– Видите ли, сэр, – начал философ, – видите ли, по правде говоря… Я уверен, что вы… клянусь честью… и что вы прокл… то есть, я думаю, я полагаю… смутно догадываюсь… весьма смутно догадываюсь… о высокой чести…

– О! – а! – да! – отлично! – прервал философа его величество, – довольно, я все уже понял. – И вслед за этим он снял свои зеленые очки, тщательно протер стекла рукавом сюртука и спрятал очки в карман.

Если происшествие с книгой удивило Бон-Бона, то теперь его изумление сильно возросло от зрелища, представшего перед ним. Горя желанием установить, наконец, какого же цвета глаза у его гостя, Бон-Бон взглянул на них. И тут он обнаружил, что вопреки его ожиданиям цвет их вовсе не был черным. Не был он и серым, вопреки тому, что можно было бы предположить – не был ни карим, ни голубым – ни желтым – ни красным – ни пурпурным – ни белым – ни зеленым – и вообще не был никаким цветом, который можно сыскать вверху в небесах, или внизу на земле, или же в водах под землей. Словом, Пьер Бон-Бон не только увидел, что у его величества попросту нет никаких глаз, но и не мог обнаружить ни единого признака их существования в прежние времена, ибо пространство, где глазам полагается пребывать по естеству, было совершенно гладким.

Воздержание от вопросов по поводу причин столь странного явления вовсе не входило в натуру метафизика, а ответ его величества отличался прямотой, достоинством и убедительностью.

– Глаза! – мой дорогой Бон-Бон – глаза, говорите вы? – о! – а! – Понимаю! Нелепые картинки – не правда ль? – нелепые картинки, которые ходят средь публики, создали ложное представление о моей наружности. Глаза!!! – Конечно! Глаза, Пьер Бон-Бон, хороши на подходящем для них месте – их место на голове, скажете вы! – верно – на голове червя. Точно так же и вам необходимы эти окуляры, и все ж вы сейчас убедитесь, что мое зрение проникает глубже вашего. Вон там в углу я вижу койку – миленькая кошка – взгляните на нее – понаблюдайте за ней хорошенько. Ну как, Бон-Бон, видите ли вы ее мысли – мысли, говорю я, – идеи – концепции, – которые зарождаются под ее черепной коробкой? Вот то-то же, не видите! Она думает, что мы восхищены длиной ее хвоста и глубиной ее разума. Только что она пришла к заключению, что я – весьма важное духовное лицо, а вы – крайне поверхностный метафизик. Итак, вы видите, я не вполне слеп; но тому, кто имеет мою профессию, глаза, о которых вы говорите, были бы попросту обузой, того и гляди их выколят вилами или вертелом для подрумянивания грешников. Вам эти оптические штуковины необходимы, я готов это признать. Постарайтесь, Бон-Бон, использовать их хорошо; мое же зрение – душа

С этими словами гость налил себе вина и, наполнив до краев стакан Бон-Бона, предложил ему выпить без всякого стеснения и вообще чувствовать себя совсем как дома.

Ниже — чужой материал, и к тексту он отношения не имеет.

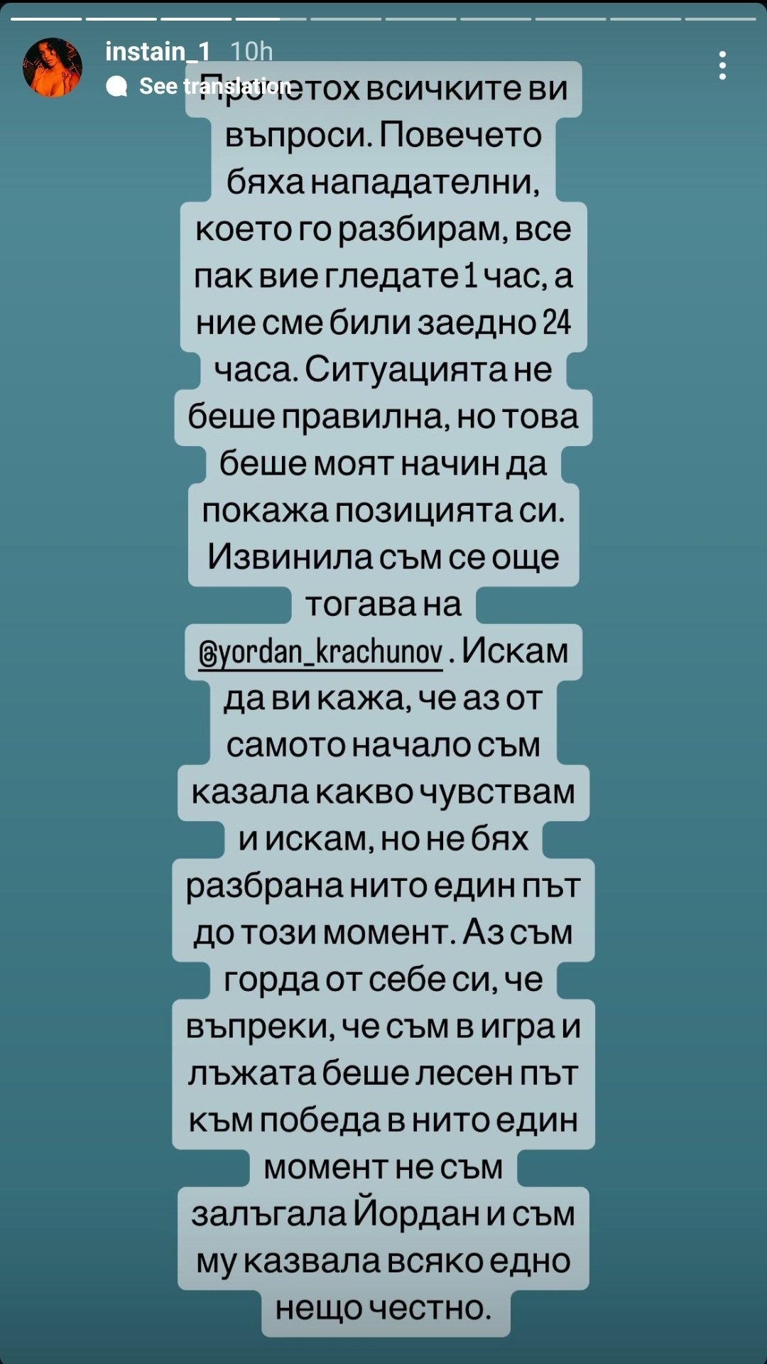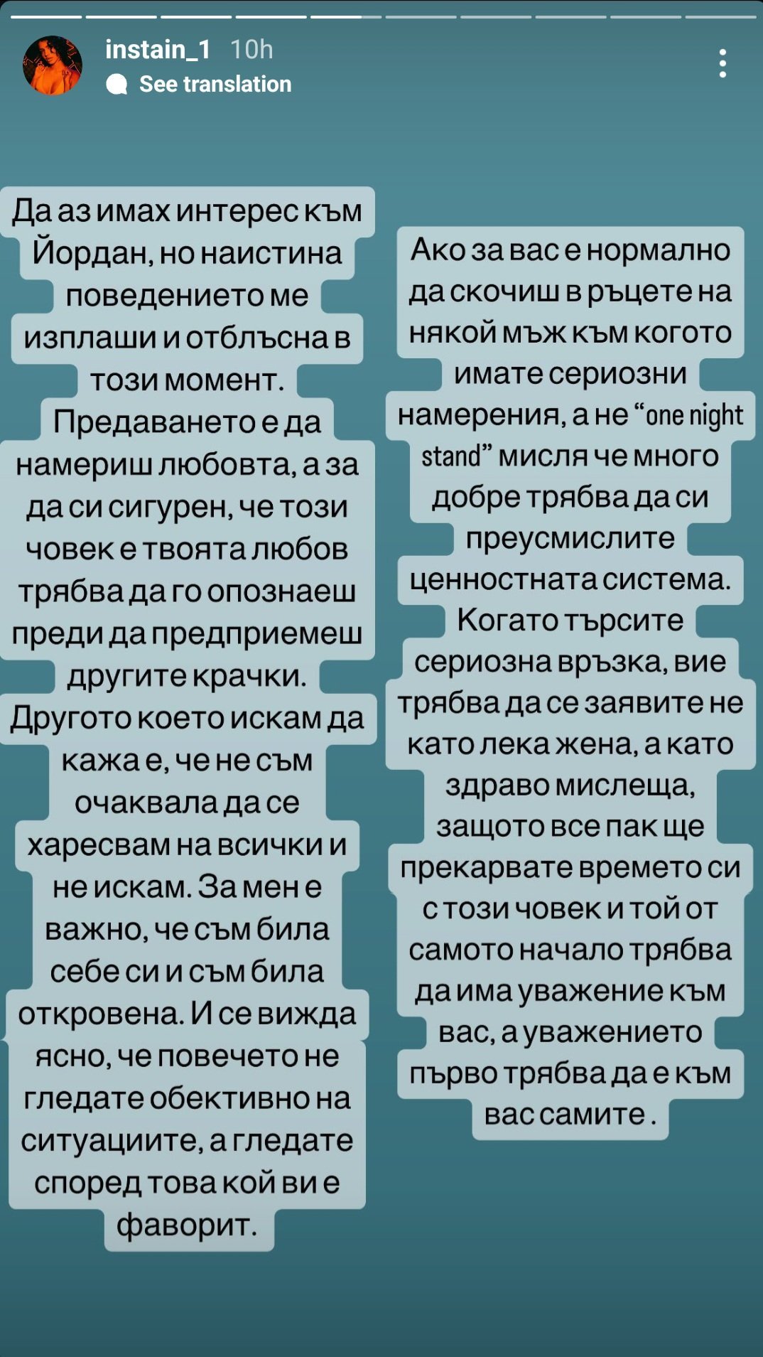 Познавала съм човек като Йордан и наистина като не ставаше на неговата , а той наистина насила целеше да се случат нещата и после говореше гадости за мен. Така, че от една страна наистина той има проблем, твърде първичен е и някак си иска да превъзхожда някого. Обаче, че Ина не е готова, поне с него да се впусне в нещо, не е. Или не го хареса външно, или наистина е влязла за слава и понеже той й каза неща, които са били само в главата й и тя съвсем се отдръпна. Факт е, че който постоянно ти натяква нещо, ти все повече ще бягаш от него. А пък Тея на интрото плачеше, явно Симеон ще я изгони на следващите елиминации

– Неглупая вышла у вас книга, Пьер, – продолжал его величество, похлопывая с хитрым видом нашего приятеля по плечу, когда тот поставил стакан, в точности выполнив предписание гостя. – Неглупая вышла книга, клянусь честью. Такая работа мне по сердцу. Однако расположение материала, я думаю, можно улучшить, к тому же многие ваши взгляды напоминают мне Аристотеля. Этот философ был одним из моих ближайших знакомых. Я обожал его за отвратительный нрав и за счастливое уменье попадать впросак. Есть только одна твердая истина во всем, что он написал, да и ту из чистого сострадания к его бестолковости я ему подсказал. Я полагаю, Пьер Бон-Бон, вы хорошо знаете ту восхитительную этическую истину, на которую я намекаю?

– Не могу сказать, чтоб я…

– Ну конечно же! Да ведь это я сказал Аристотелю, что избыток идей люди удаляют через ноздри посредством чихания.

– Что, безусловно, – и-ик – и имеет место, – заметил метафизик, наливая себе еще один стакан муссо и подставляя гостю свою табакерку.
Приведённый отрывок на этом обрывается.